When is it worth it? On well-aligned short-read data with informative AS tags (e.g. bowtie2, STAR) it changes results but does not measurably improve accuracy against truth, so the default AS scoring is preferred. Reach for --errorModel when you specifically want parity with salmon’s traditional error-modeled quant, or when the aligner does not emit a usable AS (without which AS scoring falls back to uniform weighting).

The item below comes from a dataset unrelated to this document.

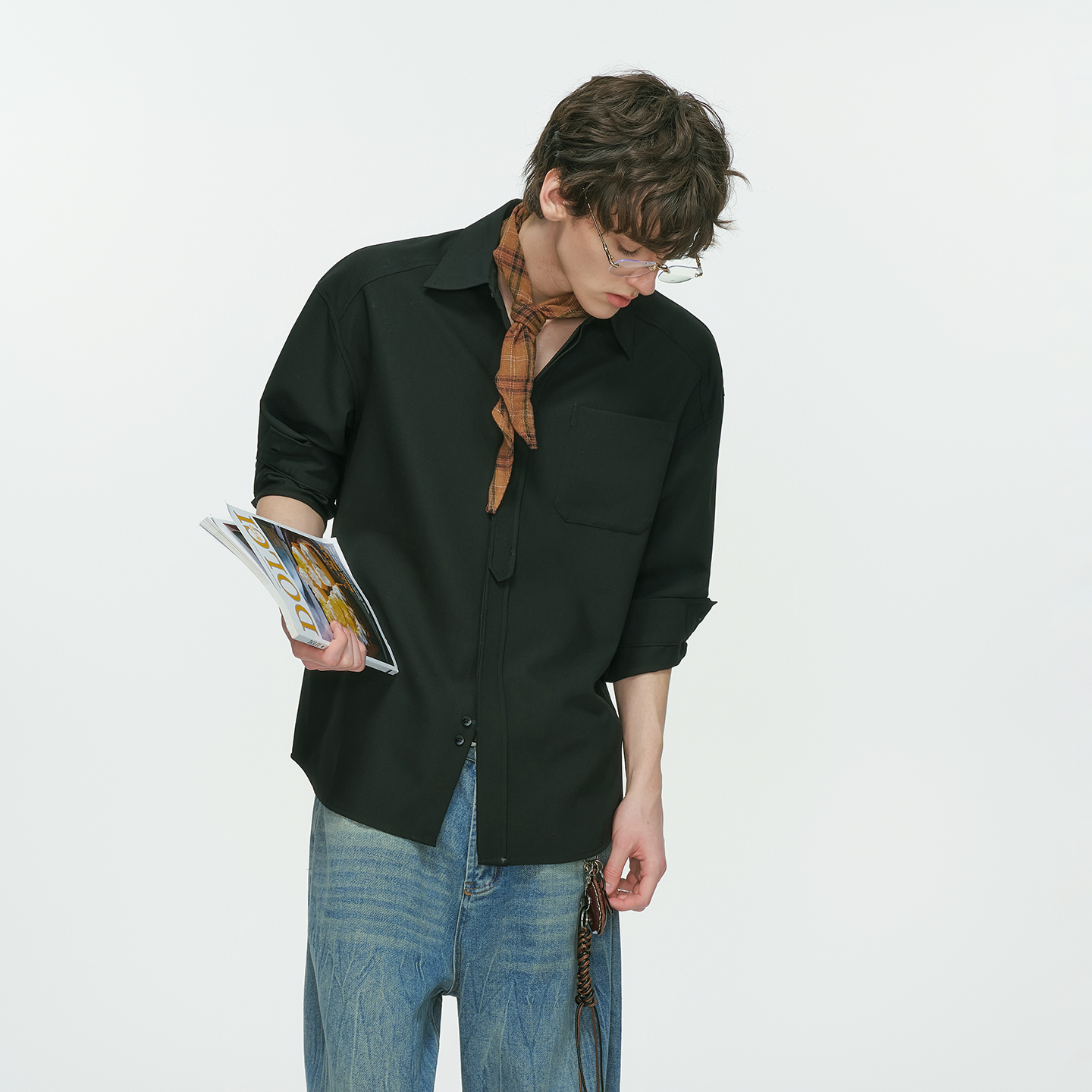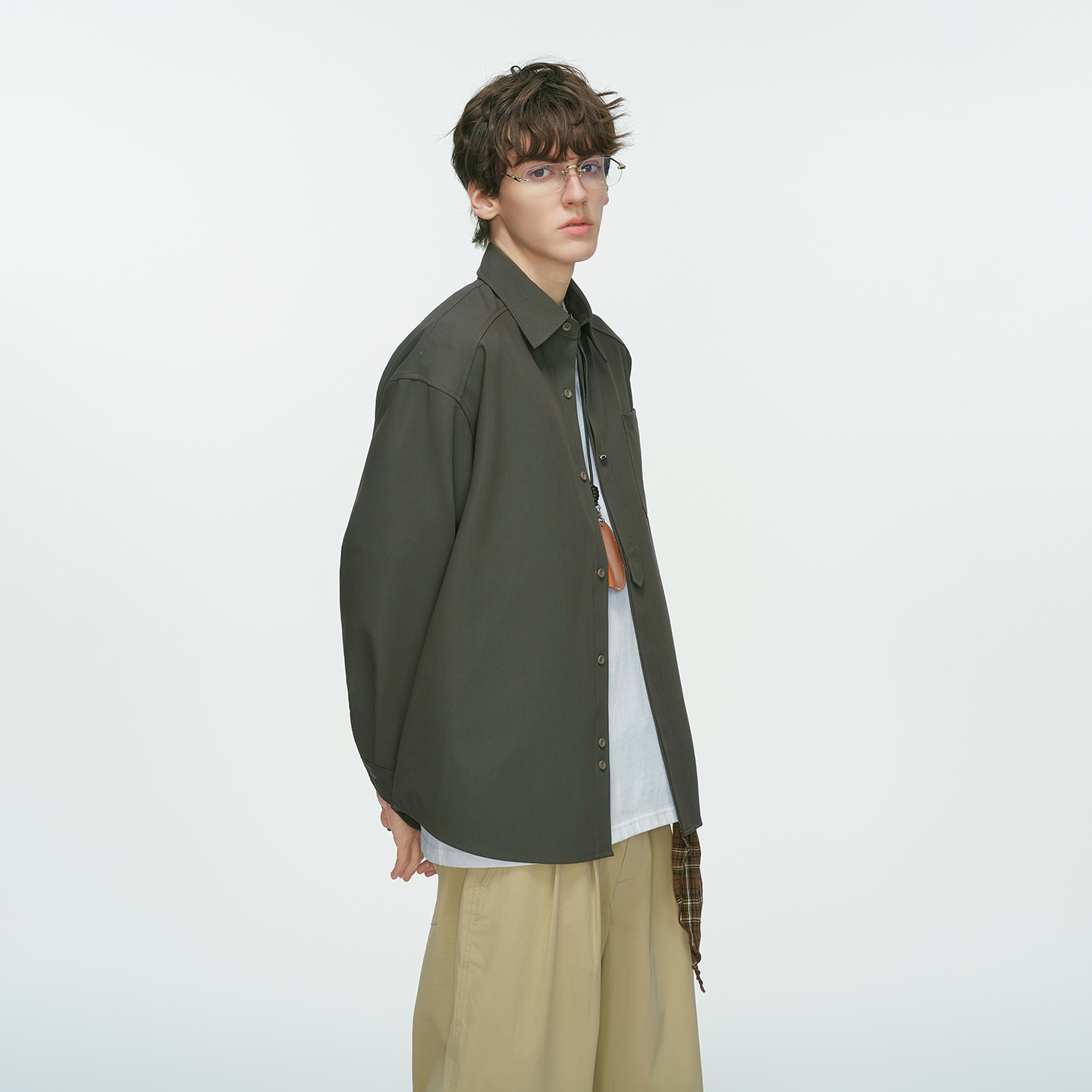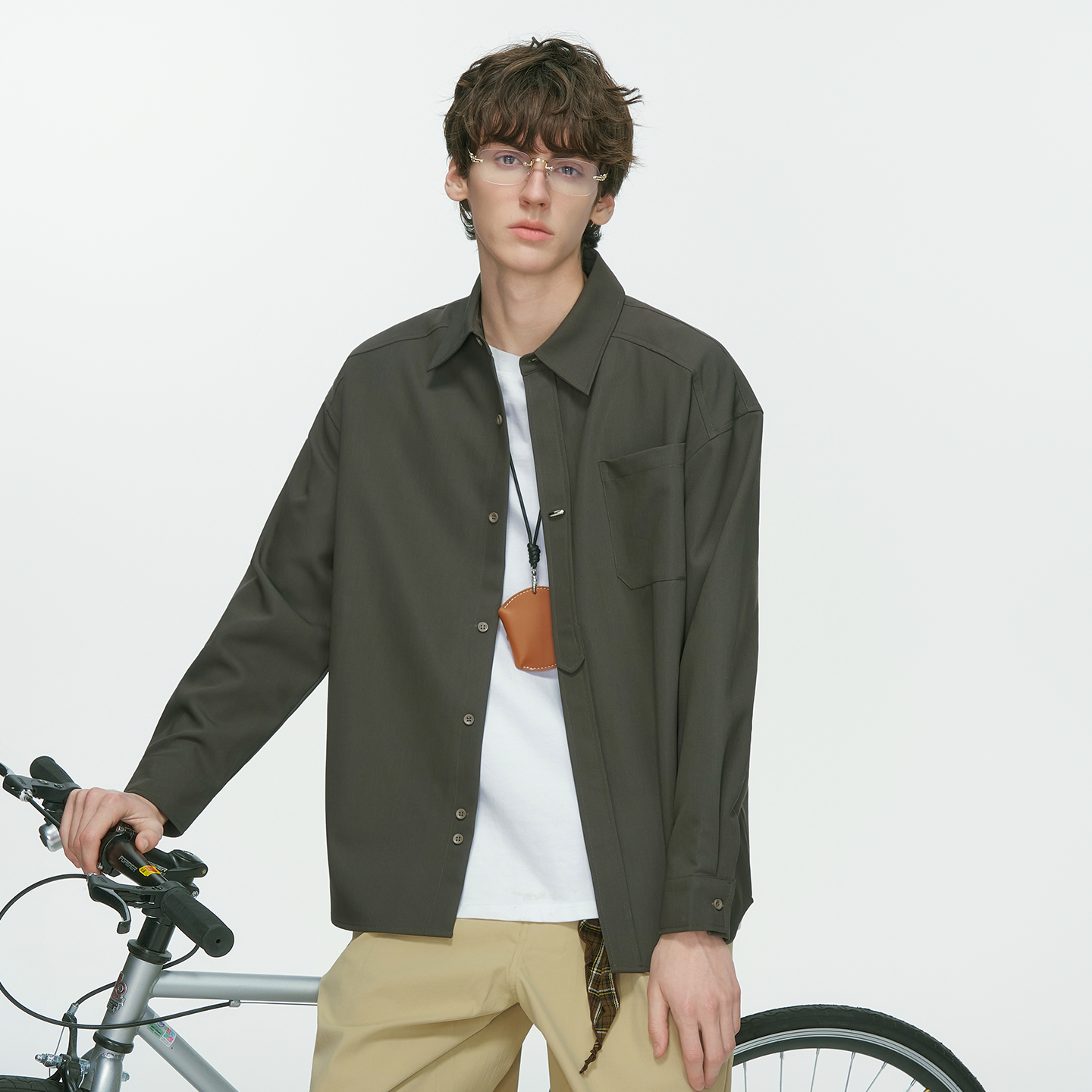 Dream made高级设计感韩版通勤长袖衬衫男春秋季纯色休闲宽松衬衣

RAD chunks can be compressed, on by default for both --writeRad and the --deterministic intermediate:

FlagEffect
--radCompress=lz4Default. Fast LZ4; ≈ 1.25× smaller on a typical human RAD, neutral-to-faster to write.
--radCompress=zstdBetter ratio (≈ 1.9× smaller), a little slower.
--radCompress=noneUncompressed.
--noCompressRadForce uncompressed (overrides --radCompress).

Compression is transparent and lossless: chunks are decompressed by the reader, so every consumer (salmon, alevin-fry, piscem-infer) is unchanged, and a RAD with no codec tag — every file produced before this feature, and every piscem RAD — reads as uncompressed automatically. The quantified quant.sf is identical regardless of codec.